And I insisted even more on that, some examples where there is no tragedy. I was saying: we don’t live in simple sensorimotor schemas; the sensorimotor schema that we keep living is of this type. As a result, I was moving on to my action-image second type, and for those who were here last year, you remember, it was very simple. It was the A-S-A’ formula. But that changed everything, because it was about this: suppose this time the situation isn’t…, I would say almost there as well, it’s a sensorimotor schema, but it’s a reversed sensorimotor schema. This is the reverse of the previous sensorimotor schema, but still, it will not be a question only of turning it backwards.
I’m saying, the situation — I can’t even say the situation; this time, I would say the process — the action-situation-new action process is completely different from our earlier formulation. It is not the same action-image. It is an action-image of a completely different type. And especially in cinema where you distinguish, once again, you are not mistaken, these are very different types of action-images, but also in literature. What is happening? Well, this is an action that will reveal a situation that is not given. [Pause] It’s going to reveal a piece of the situation. You are in the dark, a blind action that will force a dark situation [Pause] to reveal itself, to show one of its aspects. And sometimes you are in this process.
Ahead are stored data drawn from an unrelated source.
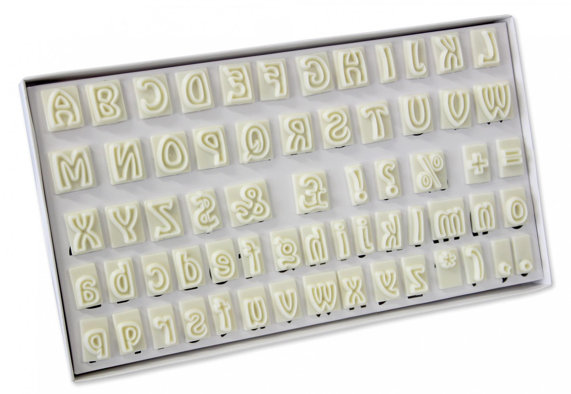 Complete set of 64 alphabet characters. Includes uppercase and lowercase letters that are great for spelling out messages on your celebration cakes. The JEM Alphabet Cutters Set contains 64 individual letters of the alphabet in both upper and lower case plus the characters � $ & ! ? % + = * ( . , Dimensions: 16 mm (_") uppercase height, 12 mm (_") lowercase height. For best results use with the JEM Foam Pad. Ideal for celebration cakes and crafts. Made from high quality ABS Thermoplastic. Dimensions: 16 mm (_") uppercase height, 12 mm (_") lowercase height. Handwashing recommended - 106M001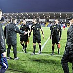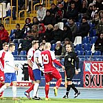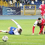 Piłkarze Stali Mielec w ostatnim w 2014 roku meczu na własnym obiekcie przegrali z przyjezdnym Zagłębiem Sosnowiec 0:4. Mecz rozegrany został 23 listopada w temperaturze niewiele powyżej 0 st. C. Spotkanie oglądało 3 tys. kibiców. Fot. ks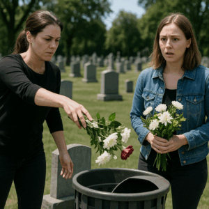 That morning, the cemetery was hauntingly silent, with only the gentle rustle of leaves breaking the stillness as I walked. As I walked toward my parents’ graves, I felt a blend of nervousness and resolve. When I arrived at my mother’s resting place, I felt a sudden stillness wash over me. There, next to her grave, stood a woman around my age, her back to me as she carefully gathered the flowers I had left the week before and tossed them into a nearby trash can.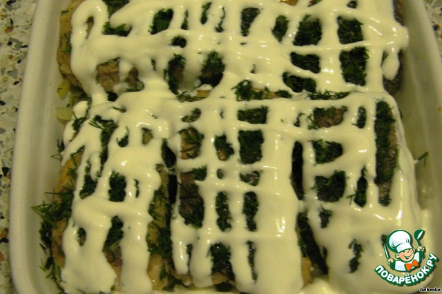 6.Рыбу выложить в форму, а сверху посыпать мелко нарезанным свежим или замороженным укропом.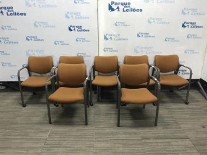 07 CADEIRAS FIXA COM BRACOS REVESTIDAS COM TECIDO COR LARANJA. PAT 61199. ( NO ESTADO).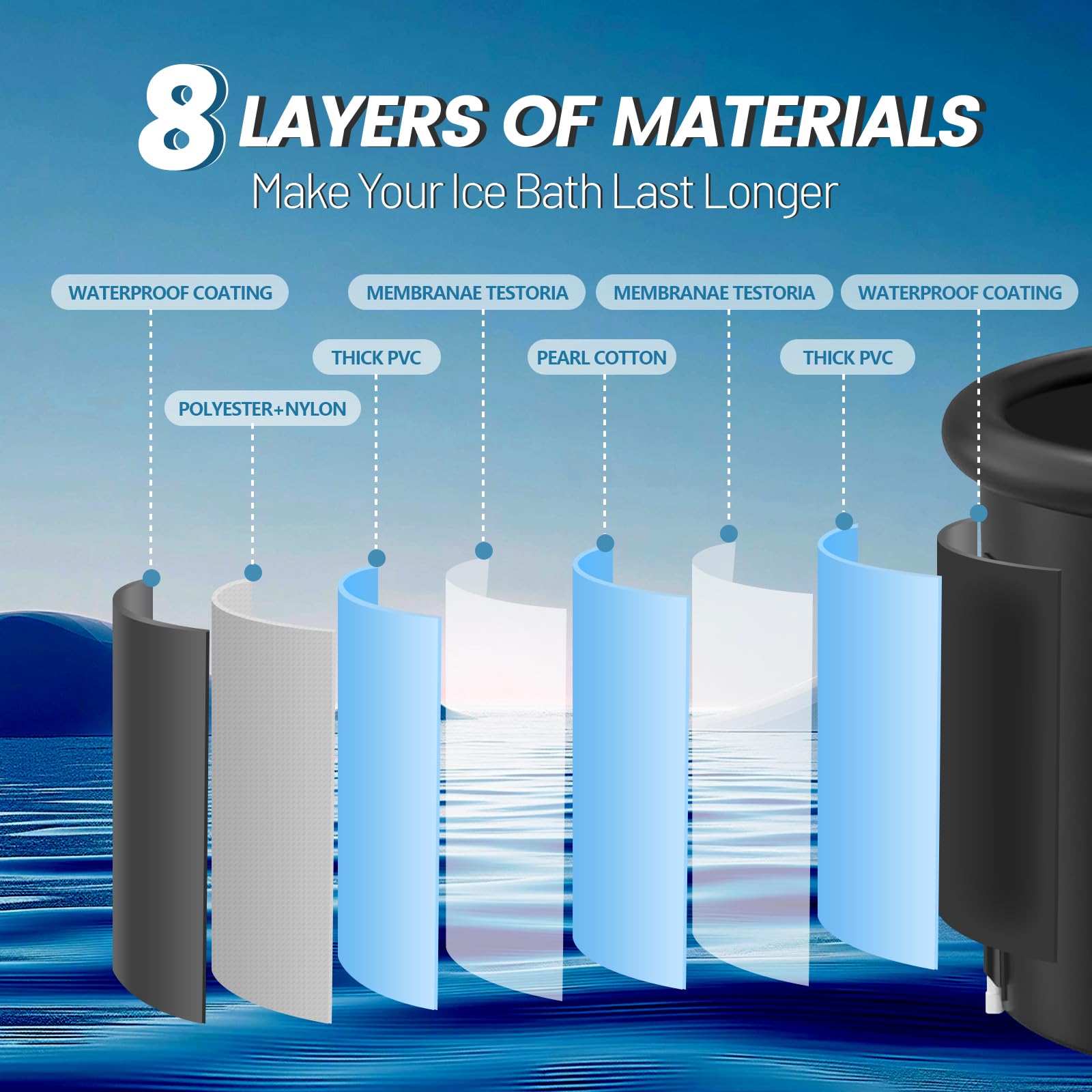- 【Convenient At-Home Therapy With The Ice Bath Tub】: Experience the therapeutic effects of cold water immersion right in your home with the cold pod portable ice bath tub with cover. This versatile, multi-layered tub is designed for both indoor and outdoor use, allowing you to enjoy the benefits of cold therapy whenever and wherever you choose.

You are, at all costs, at all costs, I must do something. I don’t even understand what point I’ve reached. This is no longer immersion at all. The situation, to you it’s … [Interruption in the recording] [55:47]
… You see, this is the A-S formulation, situation revealed by action, and according to what is revealed of the situation, you complete a second action A-S-A’. It is also a sensorimotor schema. But for convenience, I call it “inverted sensorimotor schema”.[4] It is no longer at all the great organic representation. You feel that it is an action-image of a completely different type. And then we would find ourselves, if I’m right, we would find ourselves — which I couldn’t do well last year — faced with the same necessity — it would be better, all these are attempts; if they work, we should have, in a relatively simple way, some signs of composition which would indicate a bipolarity and then a sign of genesis. — [Pause]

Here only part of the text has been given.